The masses are disgusted with the stereotyped politicians and want a change. Imran has promised that change. He is still drawing large crowds despite the fact that these are his second and third rounds of mass contact. The first one could be attributed to his glamour but currently, people are coming on their own to listen to his ideas. Imran has specifically chosen (former prime minister) Nawaz Sharif's constituencies because we want to challenge him on his homeground and shatter his myth." Interestingly, Imran is holding well-attended rallies in areas where Sharif is known to be popular.
ZEHRA denies any covert support from the establishment, saying that had Imran wanted to come to power through the military or the president, he could have done so ages ago. As for the former cricketer's public admission of his promiscuous past, she holds that this will not harm his image: "At least, he has the courage to do so. What about those sitting in Parliament and indulging in all kinds of things?"
However, not many politicians perceive Imran as a serious threat. The PML(N) leader, whose party stands to lose most if Imran clicks, says there has been no groundswell of support. "Elections in Pakistan cannot be won by money or through the western media. The fact that Imran could not even find candidates in all the constituencies is an indication that he is a non-starter. Besides, his decision to contest from nine constituencies reflects that he is not sure of his chances. Contesting against Sharif would just bring Imran some extra media coverage but nothing else."
Whether Imran fares well or not, only the elections will tell. But as things stand, there are signs that the current political set-up could change, especially after the election boycott announced by Qazi Hussain Ahmed's Jamaat-e-Islami.

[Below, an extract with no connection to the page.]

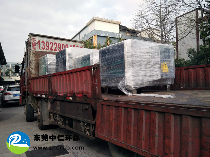 東莞市震宇塑膠實業(yè)有限公司上個月委托我們中仁環(huán)保公司做有機廢氣處理工程。我們的工程師根據(jù)實地的考察和結(jié)合同類型的案例,最后選用UV光解除臭+低溫等離子凈化工藝。因此,我們公司在合同規(guī)定的時間完成了設備的生產(chǎn),并打包好,準備發(fā)往客戶的公司。

His party says there is no use holding elections when the same people who have been previously sitting in the assemblies (and who are charged with corruption) are in the fray. Qazi says accountability should first be enforced, even if this means postponing elections. He has announced rallies to pressurise the caretaker government.
Other religio-political parties are also said to be thinking along the same lines. Their boycott may not affect the election results as their support base is limited, but their agitation could make life difficult for the already shaky caretaker government. There are already rumours of a referendum to decide whether elections should be held on schedule or be postponed to carry out the accountability process. On January 2, in the first major crackdown on corruption, the authorities arrested Benazir's father-in-law, Hakim Ali Zardari, and former Punjab chief secretary Aslam Hayat Qureshi. According to a government spokesman, another 30 to 40 people were expected to be ar rested shortly.
Every political party has some reservations about the interim government. Imran's party is worried about Leghari backtracking from his commitment to ensure concrete accountability. The PML(N) is not happy over the Imran affair. And the PPP is out to get Leghari at any cost. Given this atmosphere, many believe that the election results will not be acceptable to all.
Benazir is not thinking that far and is still confident that the Supreme Court will restore her dismissed government. Her petition is likely to be taken up by the Court this week. She has put off a decision on boycotting the elections till the middle of January. If Benazir does decide to boycott the elections, it would be a serious setback for the entire process and the elections would evoke little credibility. She had once boycotted the partyless elections during Gen. Zia-ul-Haq's time and paid a heavy price for it politically. Now, she has to take another tough decision.